We’re at the complete start-over point, because we have nothing.”
Mississippi’s
congressional delegation, led by U.S. Sen. Thad Cochran, secured
$95 million for higher education as part of $29 billion in Hurricane
Katrina relief spending approved just before the 2005 Christmas
holiday. On Wednesday, Mississippi’s Institutions of Higher Learning
and Southern Miss will host a rally on the university’s Hattiesburg
campus to thank the legislators for their work in securing the funding.
Armstrong is
a first generation college student on her father’s side of the family.

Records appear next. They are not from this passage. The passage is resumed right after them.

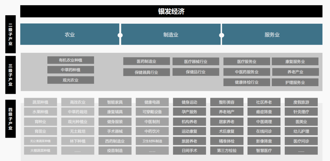 各地積極發(fā)展銀發(fā)經(jīng)濟(jì),瞄準(zhǔn)以銀發(fā)經(jīng)濟(jì)與農(nóng)業(yè)、制造業(yè)、服務(wù)業(yè)結(jié)合構(gòu)建的多元化產(chǎn)業(yè)集群,并形成了多級細(xì)分子產(chǎn)業(yè)。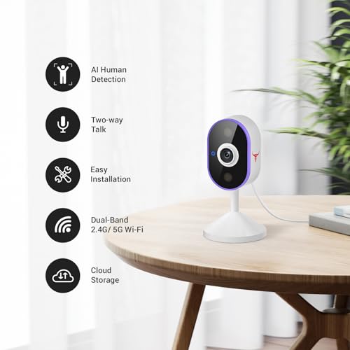 Security Cameras Wireless, Indoor Home Camera with 2-Way Audio, Smart AI Human Detection, Night Vision, Cloud Storage, 2.4G WiFi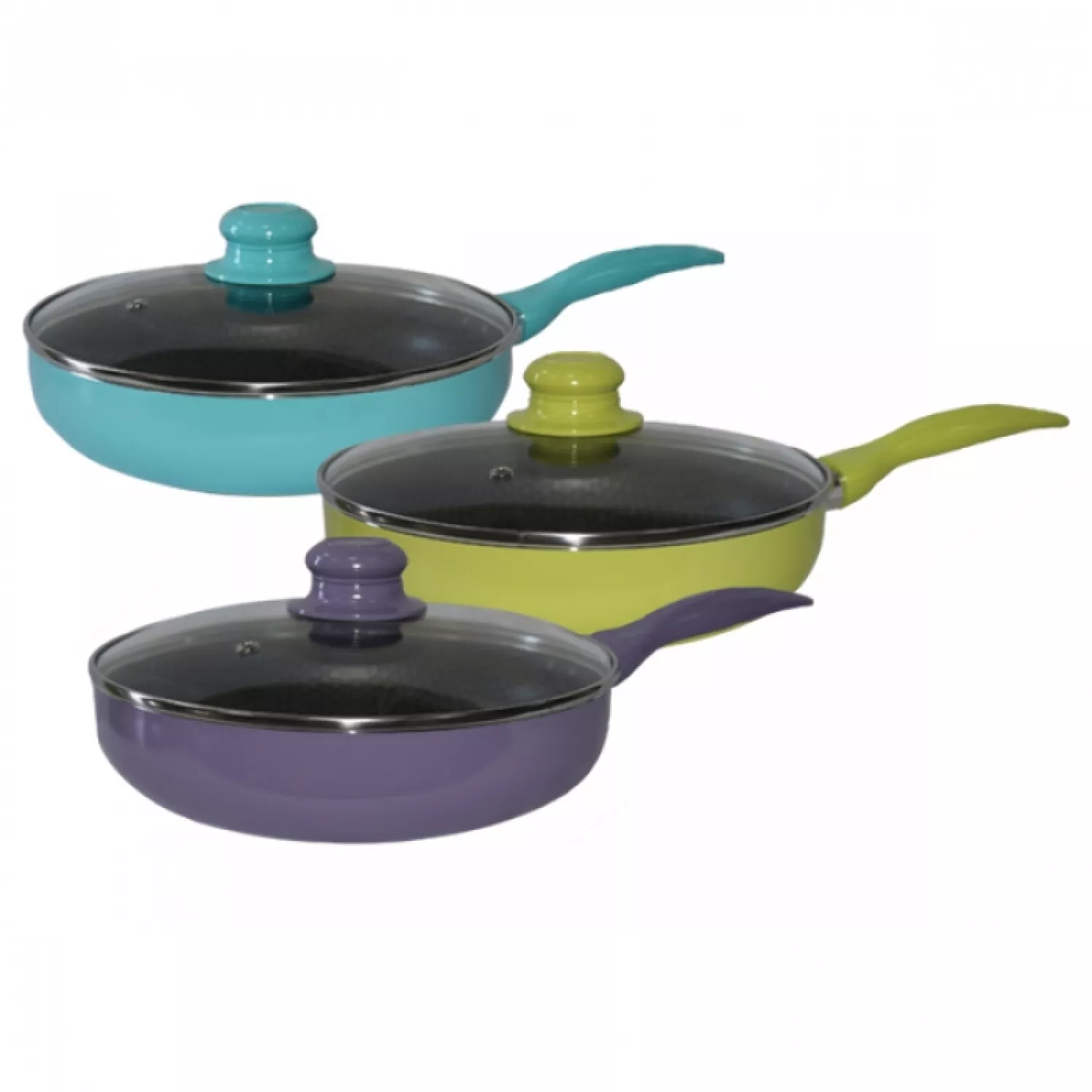 Сковорода с крышкой maestro mr-1202-28, 28 см, алюминий, керамическое антипригарное покрытие , жёлтый, фиолетовый, голубой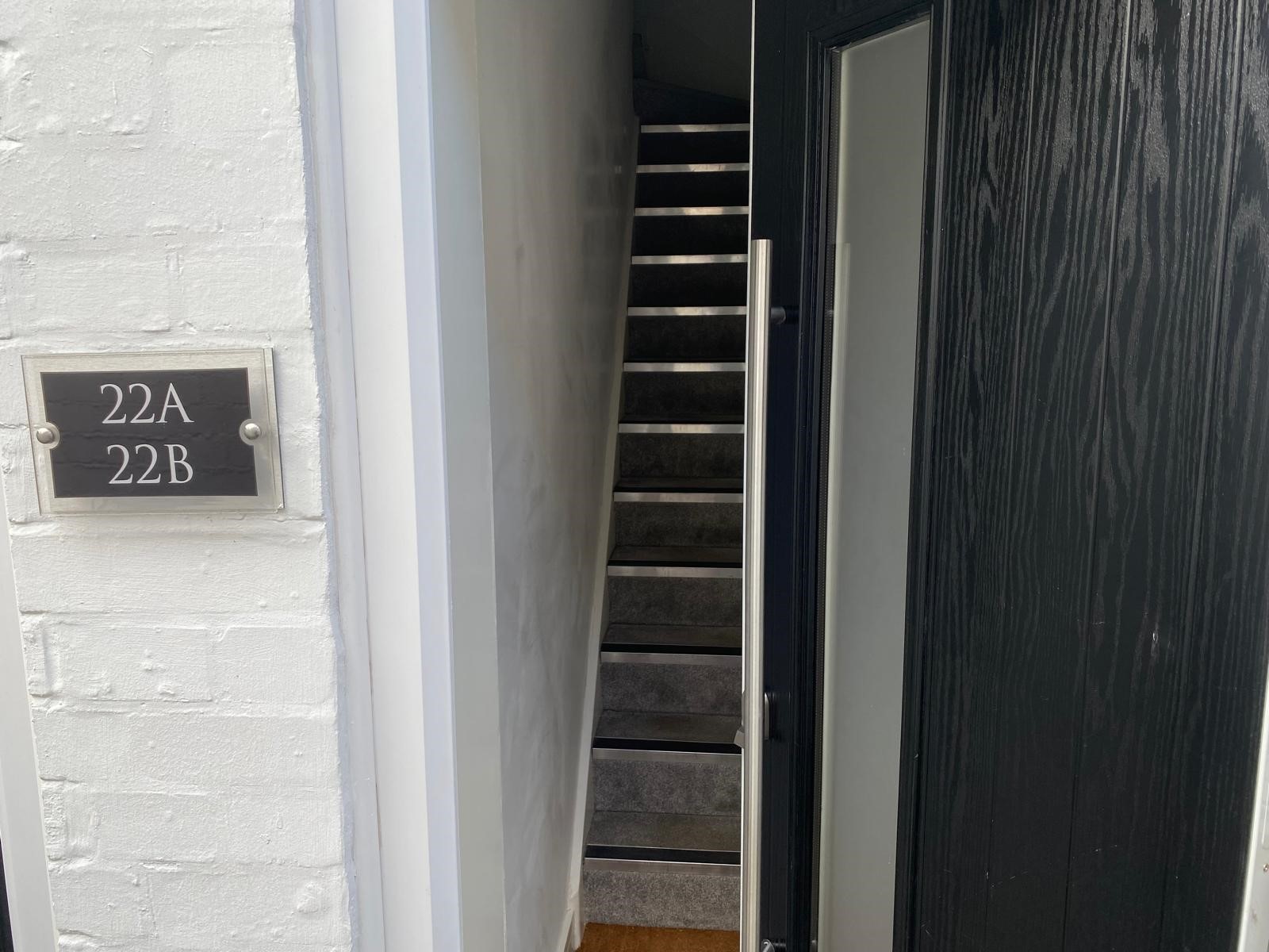 Communal Door with Carpeted Stairs to 1st Floor, private Front Door into Entrance Lobby.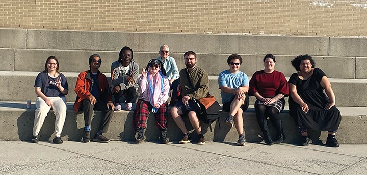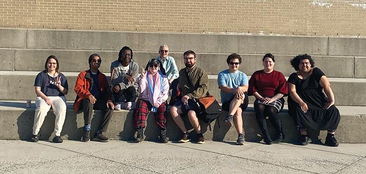 A crowd of students wave pride flags in protest against the controversial visiting religious group.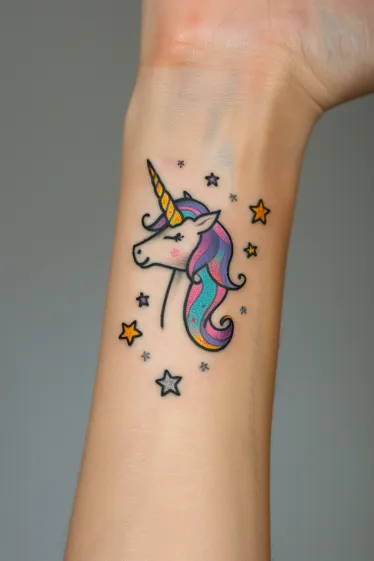 Cute Unicorn LGBTQ+ Wrist Tattoo

“They’re living their dreams through me,” she said. “They want me
to have a better life than they have had by securing my education,
so this funding has been a real blessing.”
Armstrong, who
serves as a resident hall assistant at Southern Miss, stayed in
Hattiesburg and helped students who remained on campus cope with
the aftereffects of the storm, all the while not knowing whether
her own family survived the storm. It was six days before she talked
with her mother and found out her family had made it.
“We just both
broke down crying, we couldn’t even understand what the other was
saying,” Armstrong said in recounting the phone call with her mother.
“Before that, I was just trying to be strong for the residents (students
living in residence halls) and let them know everything was going
to be okay, because it was hard for them too since we didn’t have
television or radio to know what was happening.”
Tabitha Williams,
a Southern Miss English major from Biloxi, also works as a resident
assistant and, like Armstrong, was in Hattiesburg helping students
ride out Katrina. Like Armstorng, Williams said the funds from the
Katrina legislation helped her to continue attending Southern Miss.
“My family lost
their house, a car and we had two other cars that were damaged by
the storm,” said Williams, who is studying to become an English
teacher. “They were without work for a while, but the bills kept
coming in nevertheless, and they were going through so much stress
from the whole ordeal. So it was really a blessing for me and my
parents to be able to receive this assistance, so I wouldn’t have
to depend solely on them for support.”